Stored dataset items
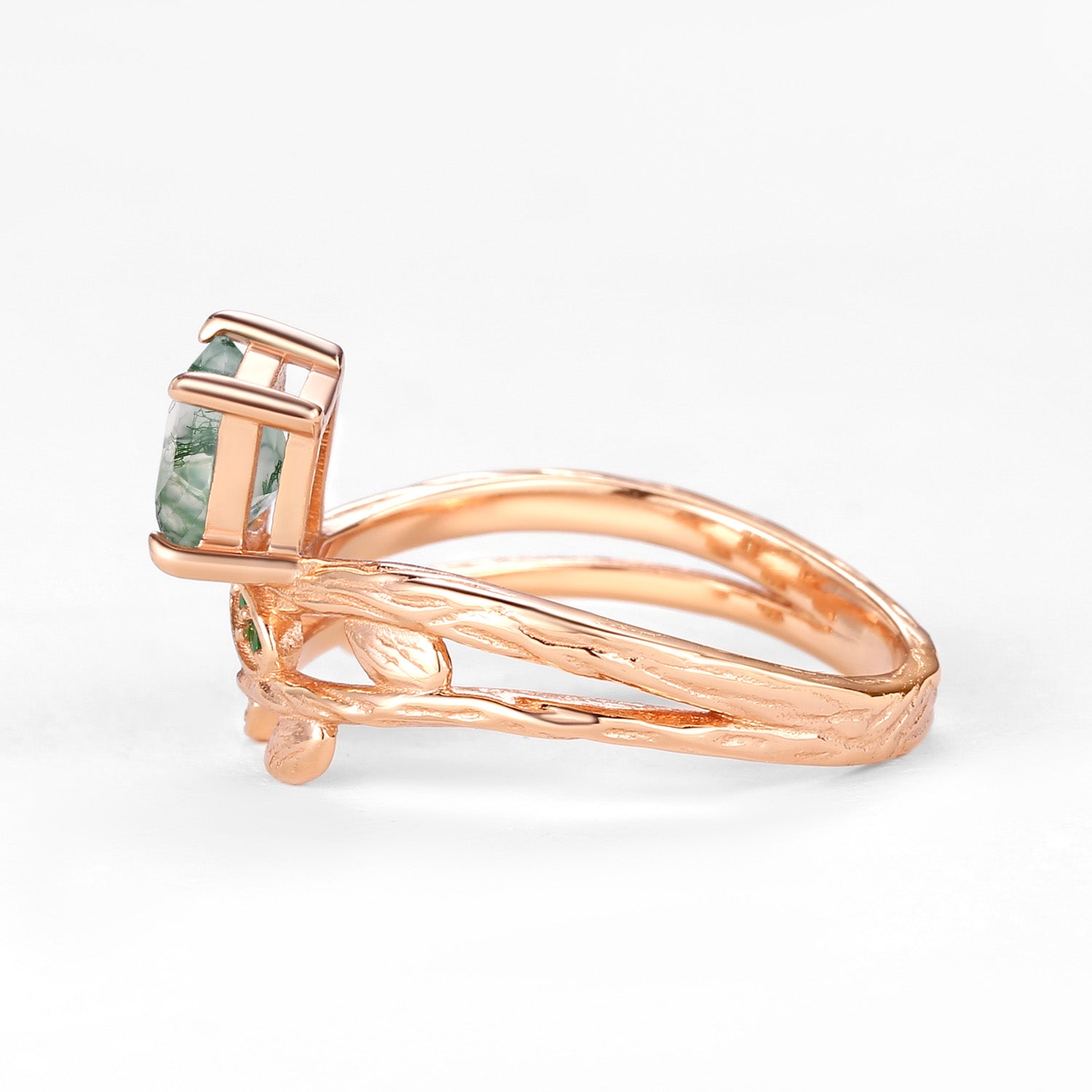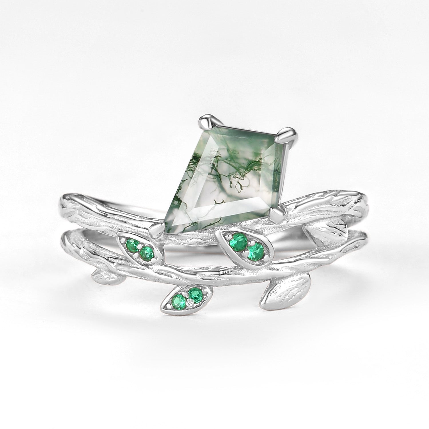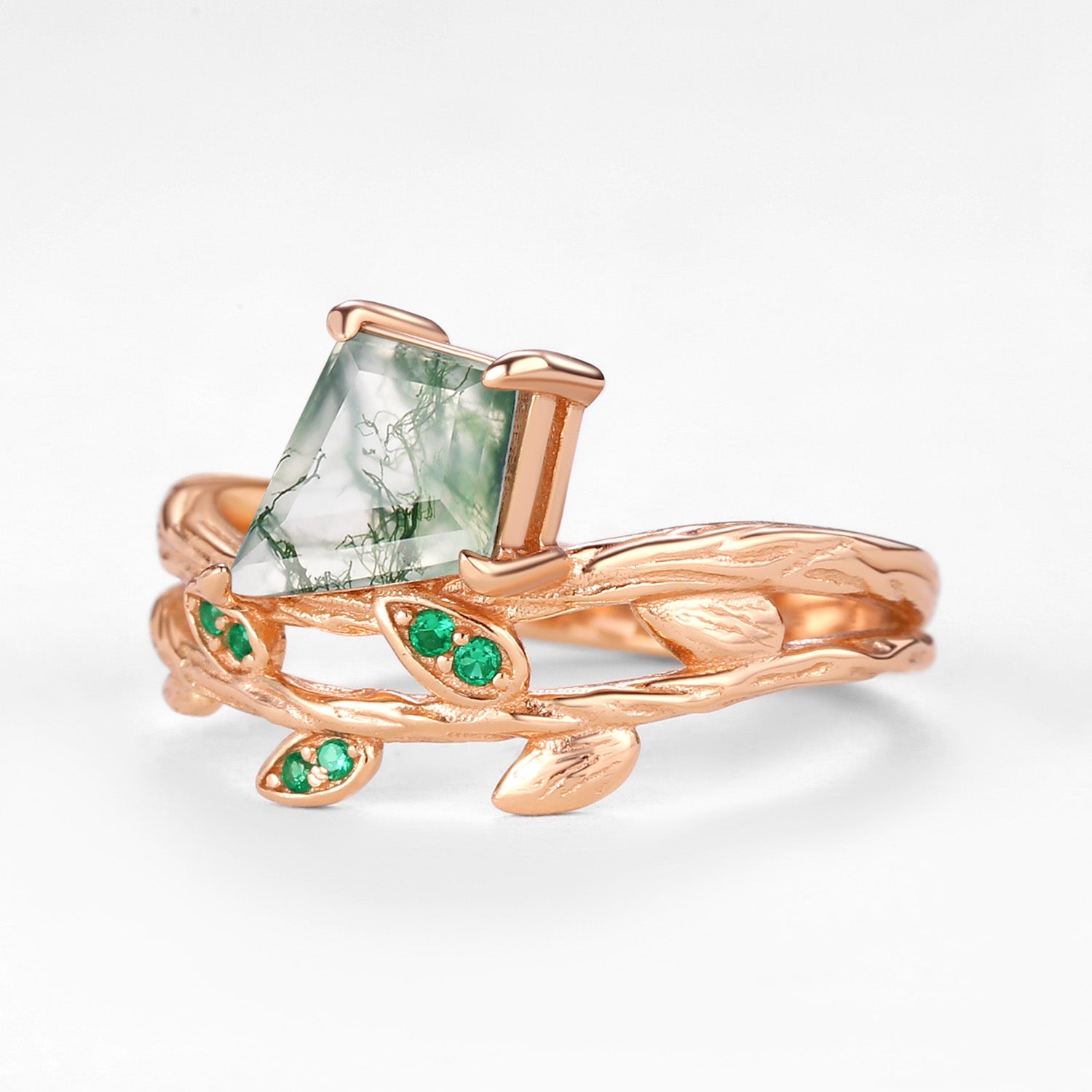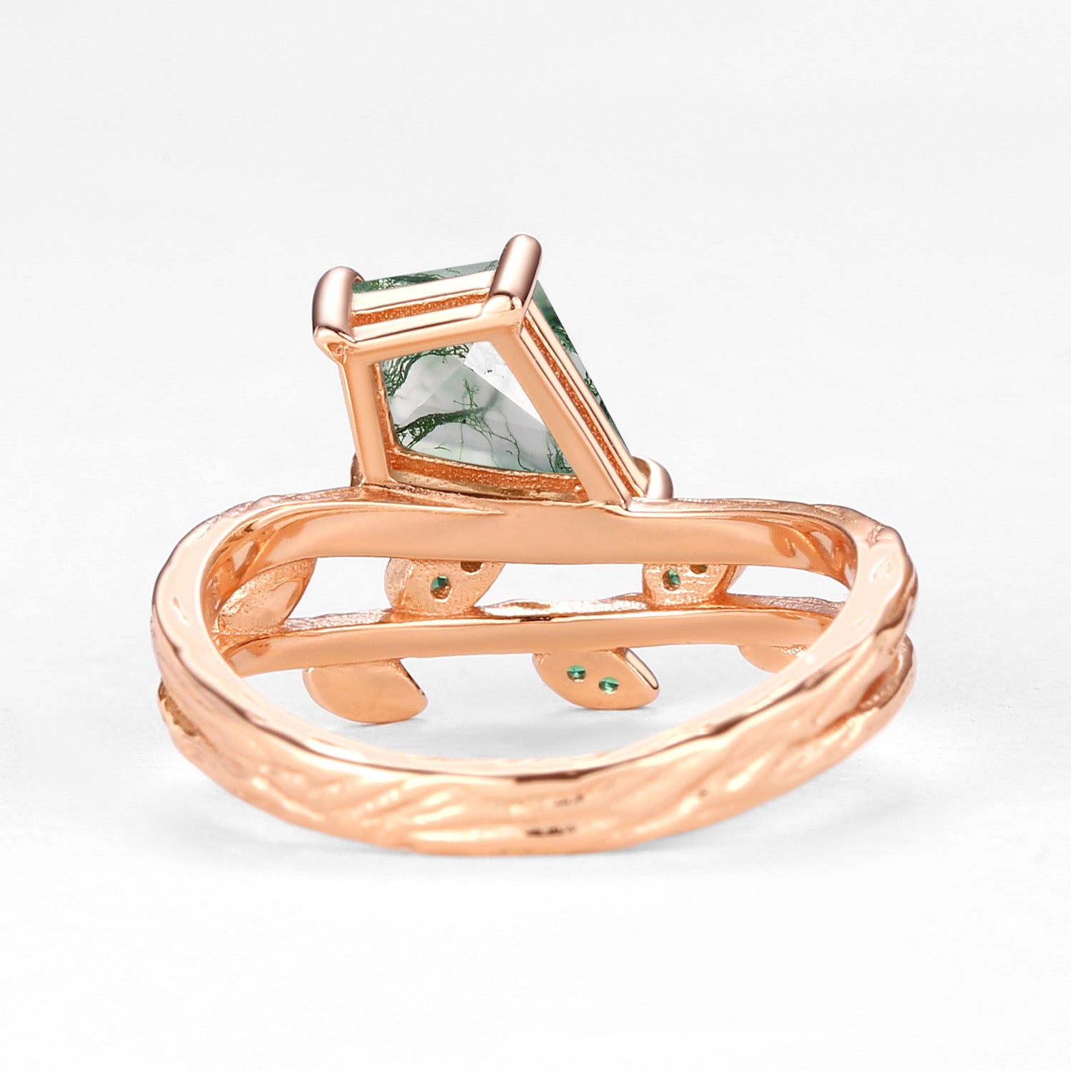 Unique Kite Cut Moss Agate & Emerald Leafy Engagement Ring
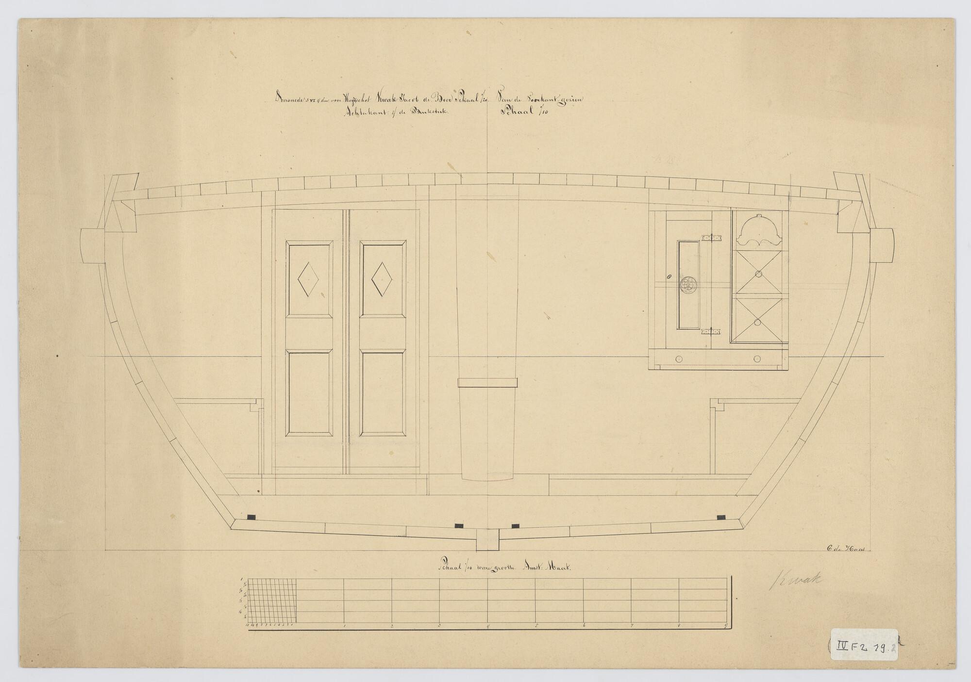 Technische tekening van Volendammer Kwak (1876) 54 x 16.1 x 7¼ voet
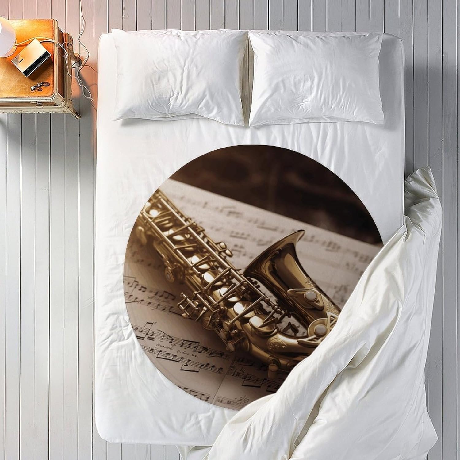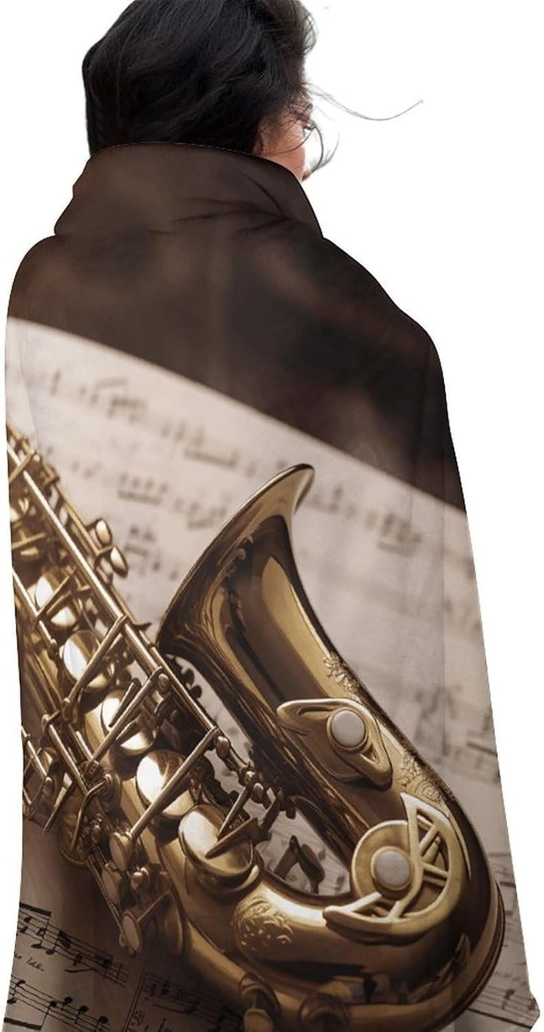 Round Flannel Blanket, Soft Fuzzy Anti-Pill 59 Inch Throw Blanket, Winter Bath Towel Saxophone on Sheet Music Yoga Mat for Bed, Couch & Outdoor Picnic – 300 GSM
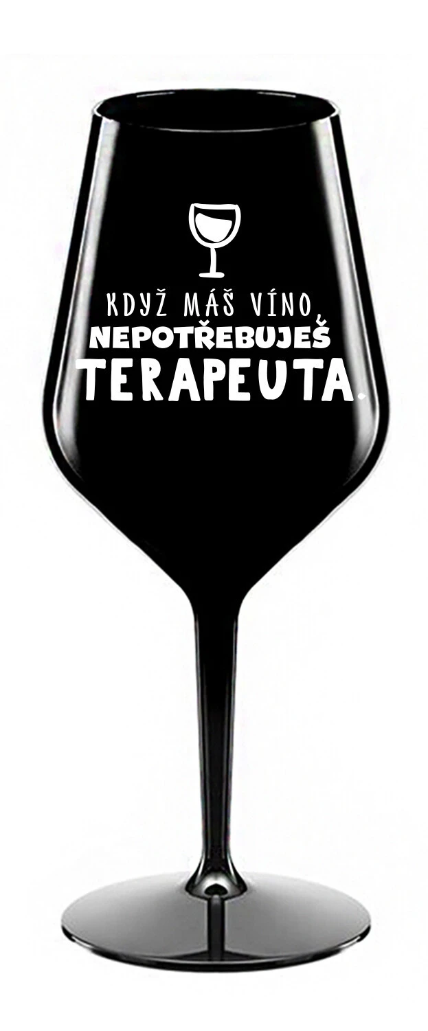 KDYŽ MÁŠ VÍNO, NEPOTŘEBUJEŠ TERAPEUTA - černá nerozbitná sklenice na víno 470 ml
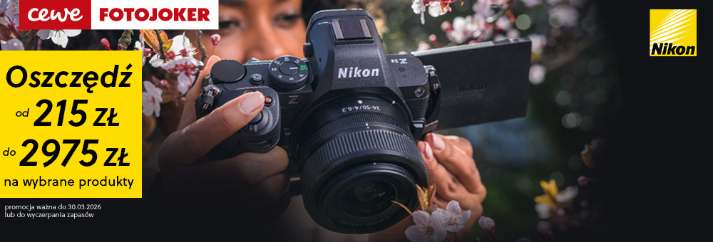 Czy wiesz, że kupując wybrane produkty Nikon w CEWE FOTOJOKER, możesz uzyskać nawet do 2975 zł rabatu? Jeśli masz już na oku wymarzony sprzęt lub wręcz przeciwnie, dopiero szukasz nowego aparatu lub obiektywu, który pozwoli Ci w pełni realizować Twoje wizje fotograficzne, teraz jest czas, aby zapoznać się z ofertą. Promocja ważna do 30.03.2026 lub do wyczerpania zapasów.
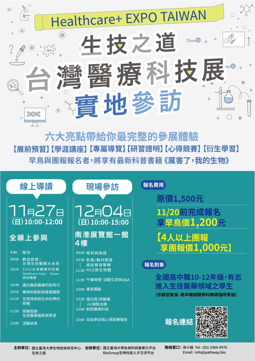 台灣大學生物技術研究中心訂於111年12月4日偕同生技之道平台辦理「生技之道 ~ 2022台灣醫療科技展現場參訪」活動,檢送活動海報電子檔 ,請惠予在貴校網站及電子看板宣傳周知,並轉知貴校生物科教師與家長會,鼓勵師生踴躍報名參加,請查照。
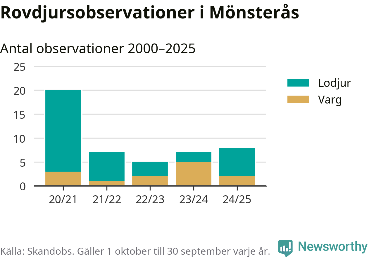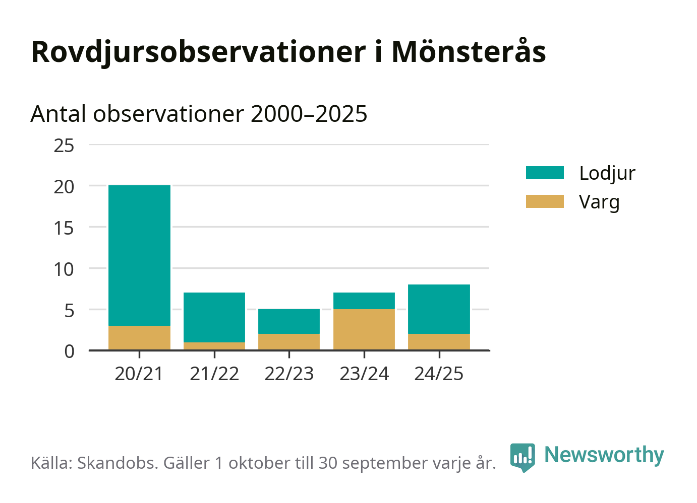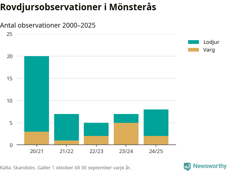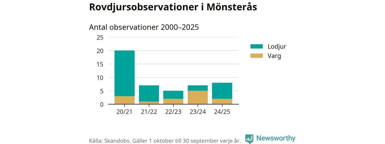 Där kan vem som helst rapportera sina observationer av de stora rovdjuren björn, varg, lodjur och järv. Mellan 1 oktober 2024 och 30 september i år har knappt 10 000 observationer registrerats i landet. Det kan vara synobservationer, foton, spår, spillning, döda bytesdjur eller andra tecken på rovdjursförekomst. I Mönsterås handlar det om totalt åtta observationer av lodjur eller varg.
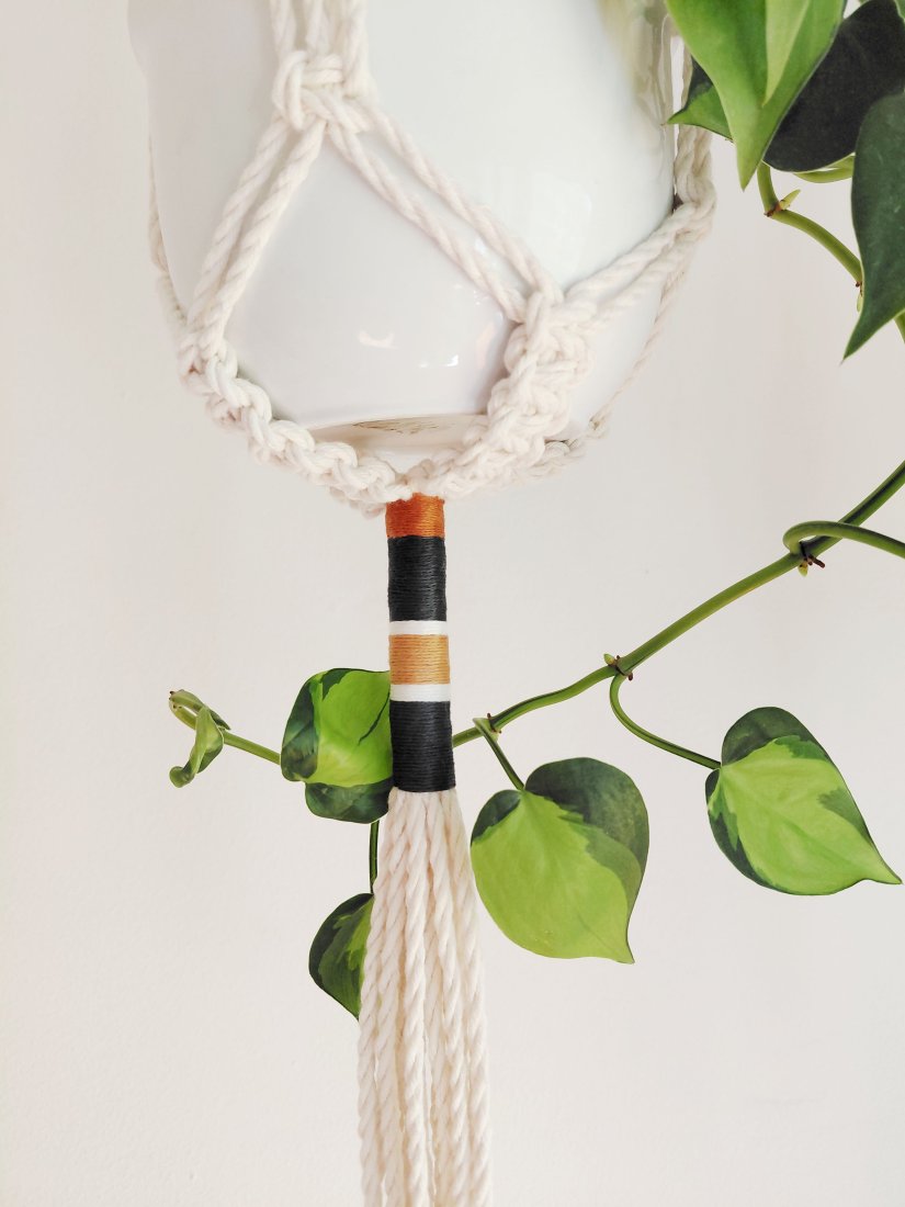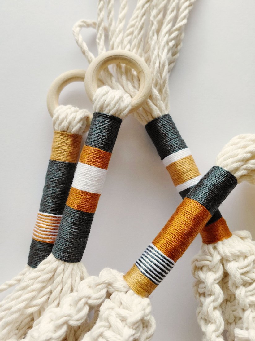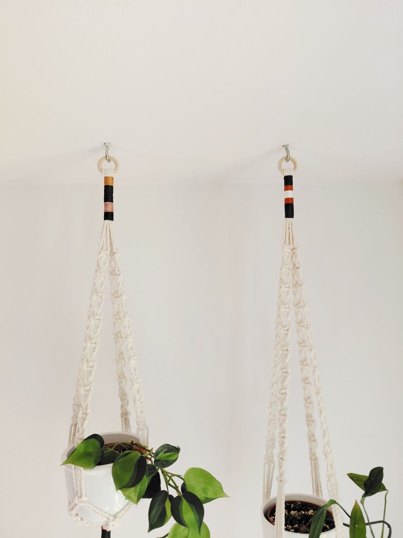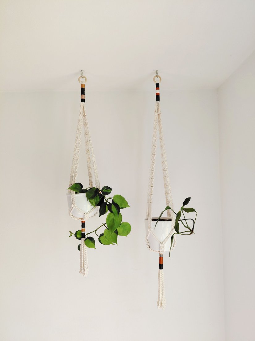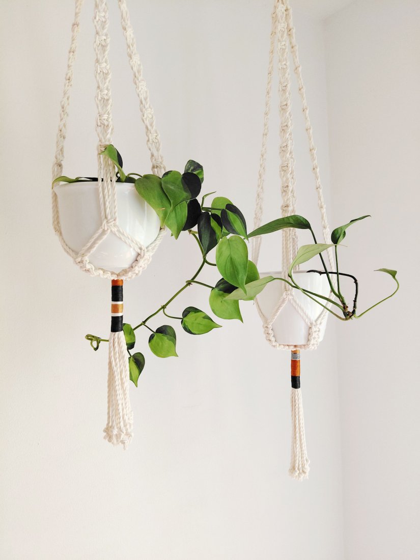 Komplet kwietników z makramy z kolorowymi akcentami.
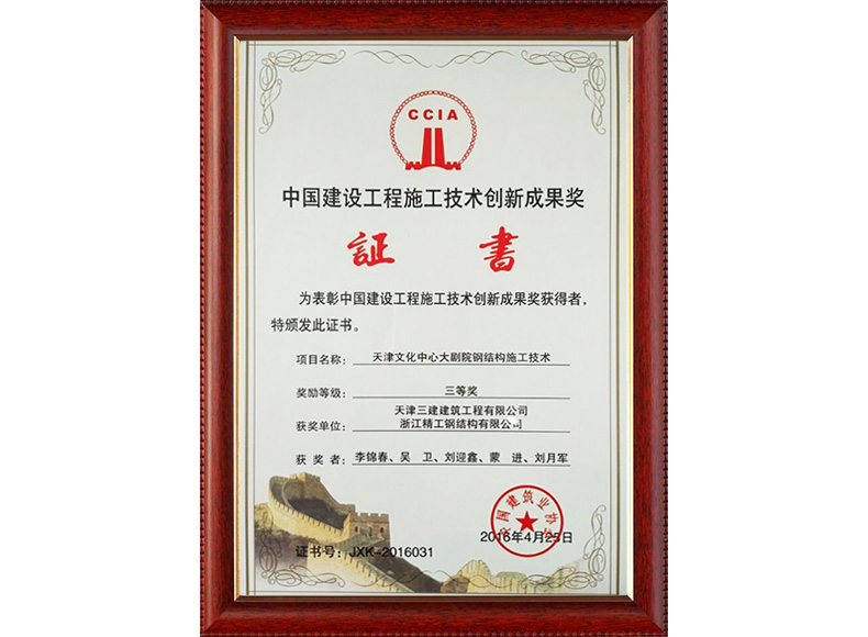 2016中國建筑業協會三等獎證書

# [TASK PROMPT]
Transcribe all of the entries word for word, but skip any pictures they contain.

# [OUTPUT FOR THIS EXERCISE]
 Unique Kite Cut Moss Agate & Emerald Leafy Engagement Ring
 Technische tekening van Volendammer Kwak (1876) 54 x 16.1 x 7¼ voet
 Round Flannel Blanket, Soft Fuzzy Anti-Pill 59 Inch Throw Blanket, Winter Bath Towel Saxophone on Sheet Music Yoga Mat for Bed, Couch & Outdoor Picnic – 300 GSM
 KDYŽ MÁŠ VÍNO, NEPOTŘEBUJEŠ TERAPEUTA - černá nerozbitná sklenice na víno 470 ml
 Czy wiesz, że kupując wybrane produkty Nikon w CEWE FOTOJOKER, możesz uzyskać nawet do 2975 zł rabatu? Jeśli masz już na oku wymarzony sprzęt lub wręcz przeciwnie, dopiero szukasz nowego aparatu lub obiektywu, który pozwoli Ci w pełni realizować Twoje wizje fotograficzne, teraz jest czas, aby zapoznać się z ofertą. Promocja ważna do 30.03.2026 lub do wyczerpania zapasów.
 台灣大學生物技術研究中心訂於111年12月4日偕同生技之道平台辦理「生技之道 ~ 2022台灣醫療科技展現場參訪」活動,檢送活動海報電子檔 ,請惠予在貴校網站及電子看板宣傳周知,並轉知貴校生物科教師與家長會,鼓勵師生踴躍報名參加,請查照。
 Där kan vem som helst rapportera sina observationer av de stora rovdjuren björn, varg, lodjur och järv. Mellan 1 oktober 2024 och 30 september i år har knappt 10 000 observationer registrerats i landet. Det kan vara synobservationer, foton, spår, spillning, döda bytesdjur eller andra tecken på rovdjursförekomst. I Mönsterås handlar det om totalt åtta observationer av lodjur eller varg.
 Komplet kwietników z makramy z kolorowymi akcentami.
 2016中國建筑業協會三等獎證書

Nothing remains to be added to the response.